Today, with all the world’s upheaval, many people are asking themselves: should I stay or should I go? An overwhelming number are answering yes, creating a movement so large they have blessed it with a name: The Great Resignation.

It’s a compelling question, but it’s a bad question. For those of you in the throes of this ‘dilemma,’ let’s break it down.

Should I Stay or Should I Go?

I have four issues with asking this question:

  • Using the pejorative “should”
  • Framing the situation as a problem
  • Asking yourself an either/or question 
  • Going implies moving away from

Stop “Shoulding” Yourself

Psychologist Albert Ellis popularized the notion of “should” as a pejorative in the 1950s or 60s, and life coaches have been harping on should’s unseemliness ever since.

The trouble with the word is that it is inherently judging, and humans don’t react well to being judged. When we do it to ourselves, it’s particularly harmful. 

To “should” yourself breaks one of Don Miguel Ruiz’s famous four agreements: Be impeccable with your word. By this, Don Miguel seems to say do not speak against yourself or others. Our words and thoughts are creative; we speak and think things into reality. So, it’s foolhardy to speak against ourselves and it’s unkind to speak against others.

The whole concept of should presupposes that some correct answer lies out there for our discovery. I don’t find this to be a helpful idea. Maybe it’s true that we have some calling, something that we are being called to fulfill (I rather think there is). But I don’t believe we’ll find it by trying to fit into a constricting mold. Rather, I think humans do better when we are driven by passion, by purpose. We know we are on course when we feel the spark of joy and excitement that can lead to flow. It is something for us to discover, not a dictate from society.

The cool thing about being human is we get to decide what we want things to be for ourselves. Now more than ever. 

There are circumstances that are more challenging than others, such as the scourge of war, the plight of females in countries like Afghanistan, females and minorities living under the thumb of sexism, racism, ethnicism, genderism, and religious persecution. I don’t mean to diminish any of that.

But even in the most challenging of circumstances, Viktor Frankl teaches us about our power to decide how we will be, what our attitude is.

OK, I’m back from the tangent. I was saying, we get to decide what we want for ourselves. Believing there’s something that we should do cuts us off from our ability to choose. It makes us think there is some correct choice. There is not.

The Problem Frame

Should I stay or should I go frames the situation as a problem to be solved. A problem that has a correct answer. There is no correct answer to this issue (see above).

Also, there’s the brilliant wisdom of the wide circulating internet meme erroneously attributed to Einstein: “No problem can be solved from the same level of consciousness that created it.”
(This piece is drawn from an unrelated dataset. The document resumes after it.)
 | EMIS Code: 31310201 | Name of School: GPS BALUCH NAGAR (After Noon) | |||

It was actually Arie de Geus who said, “The significant problems we face cannot be solved at the same level of thinking we were at when we created them.” De Geus lead strategic planning at Royal Dutch Shell and was lionized in Peter Senge’s The Fifth Discipline (one of my favorite books, incidentally).
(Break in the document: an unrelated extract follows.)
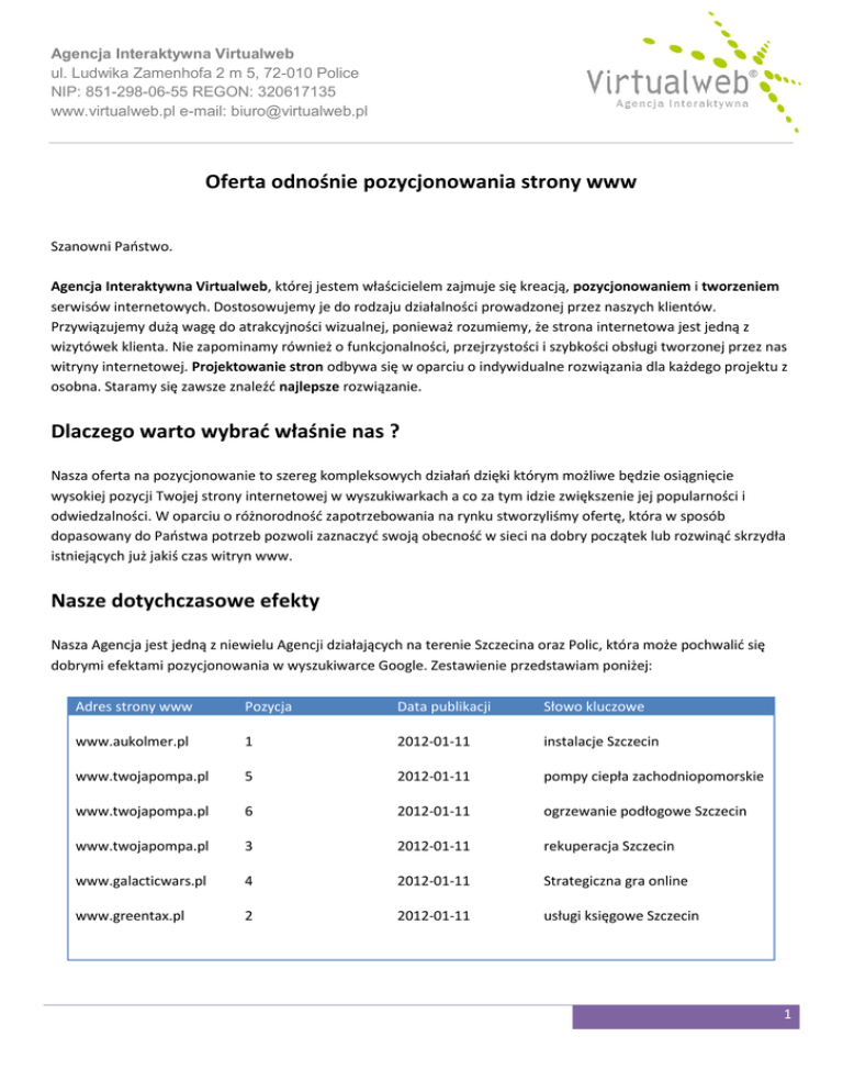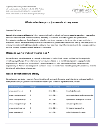 Agencja Interaktywna Virtualweb ul. Ludwika Zamenhofa 2 m 5, 72-010 Police NIP: 851-298-06-55 REGON: 320617135 www.virtualweb.pl e-mail: [email protected] Oferta odnośnie pozycjonowania strony www Szanowni Paostwo. Agencja Interaktywna Virtualweb, której jestem właścicielem zajmuje się kreacją, pozycjonowaniem i tworzeniem serwisów internetowych. Dostosowujemy je do rodzaju działalności prowadzonej przez naszych klientów. Przywiązujemy dużą wagę do atrakcyjności wizualnej, ponieważ rozumiemy, że strona internetowa jest jedną z wizytówek klienta. Nie zapominamy również o funkcjonalności, przejrzystości i szybkości obsługi tworzonej przez nas witryny internetowej. Projektowanie stron odbywa się w oparciu o indywidualne rozwiązania dla każdego projektu z osobna. Staramy się zawsze znaleźd najlepsze rozwiązanie. Dlaczego warto wybrad właśnie nas ? Nasza oferta na pozycjonowanie to szereg kompleksowych działao dzięki którym możliwe będzie osiągnięcie wysokiej pozycji Twojej strony internetowej w wyszukiwarkach a co za tym idzie zwiększenie jej popularności i odwiedzalności. W oparciu o różnorodnośd zapotrzebowania na rynku stworzyliśmy ofertę, która w sposób dopasowany do Paostwa potrzeb pozwoli zaznaczyd swoją obecnośd w sieci na dobry początek lub rozwinąd skrzydła istniejących już jakiś czas witryn www. Nasze dotychczasowe efekty Nasza Agencja jest jedną z niewielu Agencji działających na terenie Szczecina oraz Polic, która może pochwalid się dobrymi efektami pozycjonowania w wyszukiwarce Google. Zestawienie przedstawiam poniżej: Adres strony www Pozycja Data publikacji Słowo kluczowe www.aukolmer.pl 1 2012-01-11 instalacje Szczecin www.twojapompa.pl 5 2012-01-11 pompy ciepła zachodniopomorskie www.twojapompa.pl 6 2012-01-11 ogrzewanie podłogowe Szczecin www.twojapompa.pl 3 2012-01-11 rekuperacja Szczecin www.galacticwars.pl 4 2012-01-11 Strategiczna gra online www.greentax.pl 2 2012-01-11 usługi księgowe Szczecin 1 Agencja Interaktywna Virtualweb ul. Ludwika Zamenhofa 2 m 5, 72-010 Police NIP: 851-298-06-55 REGON: 320617135 www.virtualweb.pl e-mail: [email protected] Warto zauważyd, że wszystkie pozycjonowane przez nas strony, klasyfikują się na pierwszej stronie w wynikach wyszukiwao. Jesteśmy firmą, która zajmuje się marketingiem internetowym od stycznia 2009 roku. Mamy już duże sukcesy w tej branży, a nasi klienci to grupa w 100% usatysfakcjonowanych kontrahentów. Jak naliczamy opłaty za usługę pozycjonowania ? W odróżnieniu od naszej konkurencji, my pobieramy opłaty tylko i wyłącznie za miejsca w pierwszej dziesiątce wyników wyszukiwania. Załóżmy, że podpisujemy umowę na pozycjonowanie strony 20 dnia któregoś miesiąca, wówczas pozycjonowanie rusza 21 dnia tego miesiąca, czyli dzieo po podpisaniu umowy. Ten dzieo moi pracownicy mają na ustawienia i optymalizację Paostwa strony pod wybranymi słowami kluczowymi. Jeżeli np. 21 dnia któregoś miesiąca strona pod słowem kluczowym "xxx " zajmie 5 pozycję cena za dzieo promocji wynosi załóżmy 5,00 zł. Jeżeli 22 dnia któregoś miesiąca strona zajmie 3 pozycję pod tym samym słowem kluczowym cena wynosi załóżmy 6,00 zł. Jeżeli 23 dnia któregoś miesiąca strona spadnie np. na 12 pozycję, wtedy cena wynosi 0 zł. Klient płaci tylko za efekty (pierwsza strona wyników wyszukiwania). Jeżeli strony pod danym słowem kluczowym nie ma na pierwszej stronie w wynikach wyszukiwania w danym dniu, koszt wynosi 0 zł. Rozliczeo dokonujemy co 30 dni (miesiąc kalendarzowy – nazywany jednym okresem rozliczeniowym) sumując ceny za poszczególne słowa kluczowe w poszczególne dni (np. od 1 stycznia do 31 stycznia - faktura jest wystawiana 31 stycznia z tygodniowym terminem płatności). Faktura jest wystawiana i przesyłana drogą elektroniczną lub tradycyjną Pocztą niezależnie od dnia tygodnia (soboty, niedziele, dni świąteczne). Po podpisaniu umowy otrzymają Paostwo również dostęp do specjalnego panelu użytkownika, w którym będziecie Paostwo mogli monitorowad na bieżąco jakie pozycje w danym dniu zajmuje Paoska strona, z dostępem do archiwum wpisów. Jest to gwarancja tego, że ja Paostwa nie oszukam. Od czego zależy cena danej frazy/słowa kluczowego ? Cena pozycjonowania zależy od konkurencyjności danego słowa kluczowego w wynikach wyszukiwania, od zajętej pozycji oraz od wieku domeny internetowej. Im słowo kluczowe ma większa konkurencyjnośd w wynikach wyszukiwania tym cena jest wyższa. Im domena starsza, tym cena niższa. Im pozycja strony wyższa tym cena rośnie. 2 Agencja Interaktywna Virtualweb ul. Ludwika Zamenhofa 2 m 5, 72-010 Police NIP: 851-298-06-55 REGON: 320617135 www.virtualweb.pl e-mail: [email protected] Dane teleadresowe Odsyłam na naszą stronę internetową gdzie zasięgną Paostwo więcej informacji o naszej firmie: strona Agencji: http://www.virtualweb.pl nasza oferta: http://www.virtualweb.pl/oferta.html opinie naszych klientów: http://virtualweb.pl/opinie.html referencje naszych kontrahentów: http://virtualweb.pl/kontrahenci.html Kontakt + formularz: http://virtualweb.pl/kontakt.html Telefon: 508 494 308 E-mail: [email protected] Gadu-Gadu: 6495448 Z poważaniem. Łukasz Rubacki. 3

Einstein really said: “a new type of thinking is essential if mankind is to survive and move toward higher levels.”

All of these words of wisdom point to the necessity of a shift in the level of thinking or consciousness. (Oh, man, that is one of my favorite topics and I’ll dive deep into shifting levels of consciousness in a forthcoming blog post).

But, the point is, once we’ve framed a problem, we need to leap to a new level of consciousness to solve it. It’s because it ceases to even seem like a problem at a new level. That’s an elegant solution but a tall order. Maybe we can just avoid problematic framings in the first place.
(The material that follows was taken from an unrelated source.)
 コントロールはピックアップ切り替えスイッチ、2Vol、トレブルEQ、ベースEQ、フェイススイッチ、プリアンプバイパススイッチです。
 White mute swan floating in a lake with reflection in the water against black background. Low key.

Should I stay or should I go is kind of angsty. Maybe try, “Would I love to embark on some new endeavor? I wonder what that might be.” And “What’s great about being here?”

That’s a much more open, curious stance.

The Trouble with Either/Or Questions

This particular question implicitly keeps you in indecision. Indecision is confusing to our brains. It opens a loop and our brains will spin until the loop is resolved. It’s not productive for the ways our brains are wired.

The antidote is decision. Once you sit in decision, the issues, the pros and cons, stand out in clear relief. You are always free to undecide.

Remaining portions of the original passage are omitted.